A05

Be concise and focus on critical concepts. For each question or subpart, your response should be between 50 and 100 words.

Q01¶

Points: 8

Explain how X-ray crystallography is used to determine the electron density of a molecule. Describe how this information leads to fitting and refining an atomic model. Include the key steps in your explanation, from data collection to model refinement.

Solution

X-ray crystallography determines a molecule's electron density by directing X-rays at a crystallized sample. The X-rays scatter upon interacting with the electrons in the crystal, producing a diffraction pattern. By measuring the intensities and angles of these diffracted beams, scientists use Fourier transforms to calculate an electron density map, which reveals where electrons are likely to be located within the molecule.

This electron density information is crucial for fitting and refining an atomic model. Scientists fit atoms into regions of high electron density in the map, creating an initial model of the molecule's structure. They then refine this model by adjusting atomic positions and thermal factors to minimize discrepancies between the observed diffraction data and the model's predicted data.

Q02¶

Points: 8

Explain how X-rays scatter off electrons in a crystal. Discuss why this phenomenon is essential for determining protein structures using X-ray crystallography. In your answer, briefly describe the relationship between the crystal lattice and the resulting diffraction pattern.

Solution

X-rays scatter off electrons in a crystal through elastic interactions known as Thomson scattering. When X-rays encounter the electrons in a crystal lattice, they are deflected without a loss of energy. The electrons act as point scatterers, and due to the regular, repeating arrangement of atoms in the crystal, the scattered X-rays interfere constructively and destructively, creating a diffraction pattern.

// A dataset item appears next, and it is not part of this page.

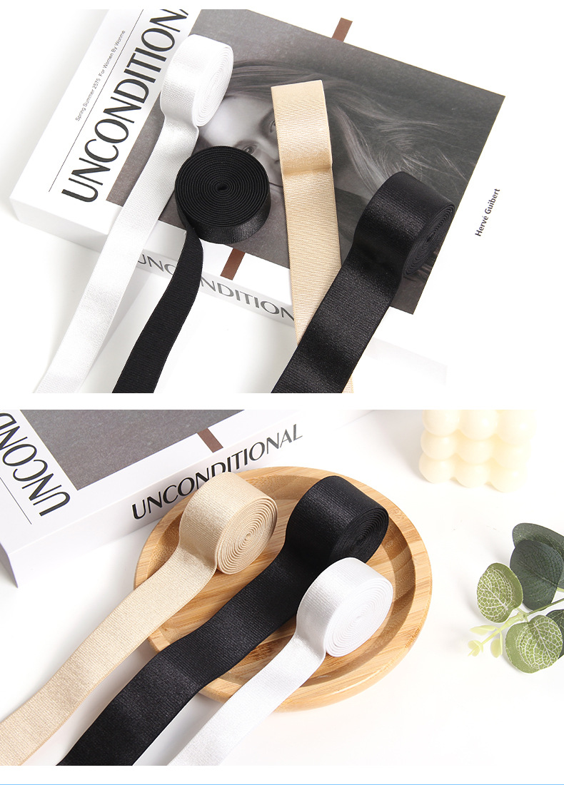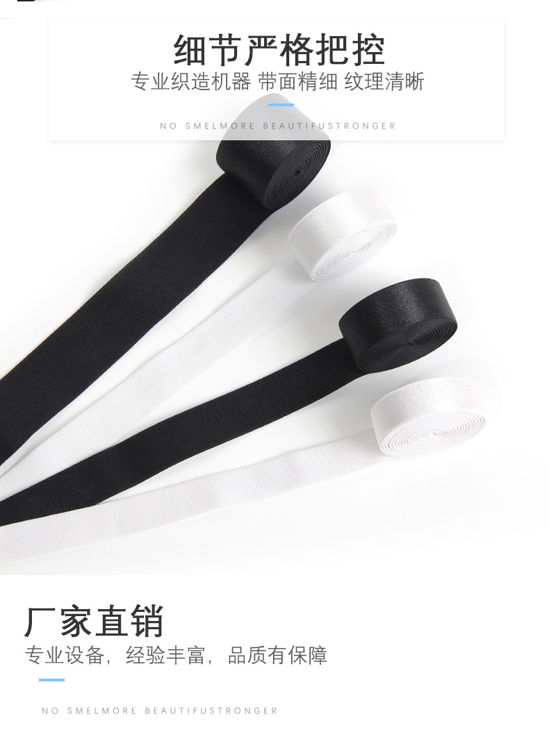黑白涤纶磨毛光面肩带美背服装辅料腰头头饰松紧带娃衣多用途

This scattering phenomenon is essential for determining protein structures because the resulting diffraction pattern contains information about the electron density within the crystal. By analyzing the intensities and positions of the diffracted X-rays, researchers can compute an electron density map using Fourier transforms. This map reveals the locations of atoms in the protein, allowing scientists to build and refine an accurate three-dimensional model of its structure.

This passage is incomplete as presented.